The current chairman’s father, Frank Herbert Parke Jr., known as Bert, joined DP&L in 1954 after graduating from Vanderbilt and serving in the Air Force.

Thomas Whitney Sr. joined DP&L in 1968 when the company moved from sheet-fed printing to offset printing. Haynes Whitney joined the family business in 1975 after getting his Vanderbilt degree and was DP&L’s president for many years. “Haynes’ son Thomas III joined DP&L after graduating from SMU,” Parke said. “He also served as president for several years.”

Frank Parke III, a Hendrix College graduate, joined the company in 1980 and remains as chairman. His sister Emily Parke Stevens and nephew Logan Parke are on the board of directors. DP&L left its landmark downtown building on Second Street in 1999. One modern tenant of the building, which was added to the National Register of Historic Places in 1998, is Arkansas Business Publishing Group, publisher of this newspaper.

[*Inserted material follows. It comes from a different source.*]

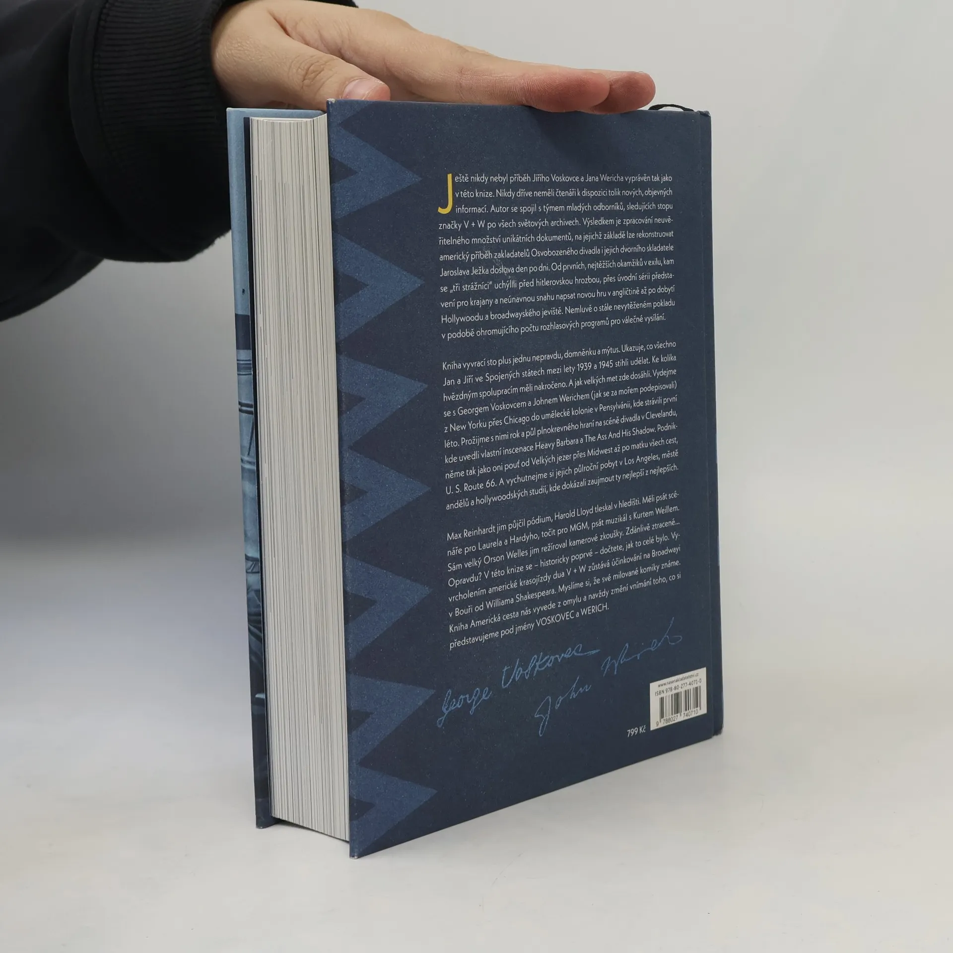 Ještě nikdy nebyl příběh Jiřího Voskovce a Jana Wericha vyprávěn tak jako v této knize. Autor se spojil s týmem mladých odborníků, sledujících stopu značky V + W po všech světových archivech. Výsledkem je zpracování neuvěřitelného množství unikátních dokumentů, na jejichž základělze rekonstruovat americký příběh zakladatelů Osvobozeného divadla i jejich dvorního skladatele Jaroslava Ježka doslova den po dni. Kniha vyvrací sto plus jednu nepravdu, domněnku a mýtus. Ukazuje, co všechno Jan a Jiří ve Spojených státech dokázali. Kdo z legend jim pomáhal a fandil. A jak velkých met zde dosáhli. Vydejme se s Georgem Voskovcem a Johnem Werichem (jak se za mořem podepisovali) z New Yorku přes Chicago do umělecké kolonie v Pensylvánii. Prožijme s nimi rok a půl hraní na scéně divadla v Clevelandu, kde uvedli vlastní inscenace. Podnikněme tak jako oni dobrodružnou pouť od Velkých jezer přes Midwest až po matku všech cest, U. S. Route 66. A vychutnejme si jejich půlroční pobyt v Los Angeles, kde dokázali zaujmout ty nejlepší z nejlepších. V této knize se – historicky poprvé – dočtete, jak to celé bylo. Myslíme si, že své milované komiky známe. Kniha Americká cesta nás vyvede z omylu a navždy změní vnímání toho, co si představujeme pod jmény VOSKOVEC a WERICH.

Thomas Whitney said his grandfather had worked with a number of printing companies and wanted to buy one, and his grandmother was from Little Rock. “So he bought a part of DP&L. After he died, my dad ended up buying more. Then we had half. Now we don’t anymore.

“But it was the best thing for our family, and that’s really about all I can say.”

Whitney said he hasn’t made any plans yet. “I’ve been enjoying my hunting season, and I just went on my first duck hunt of the year.” After curing his 2-year-old Lab’s gun shyness by firing a starting pistol at feeding time over the past year, she took to the hunt, well, like a duck to water. 

“I was fully expecting her to run back to the truck immediately when somebody shot,” he said. “But she did a great job, and it was really wonderful.”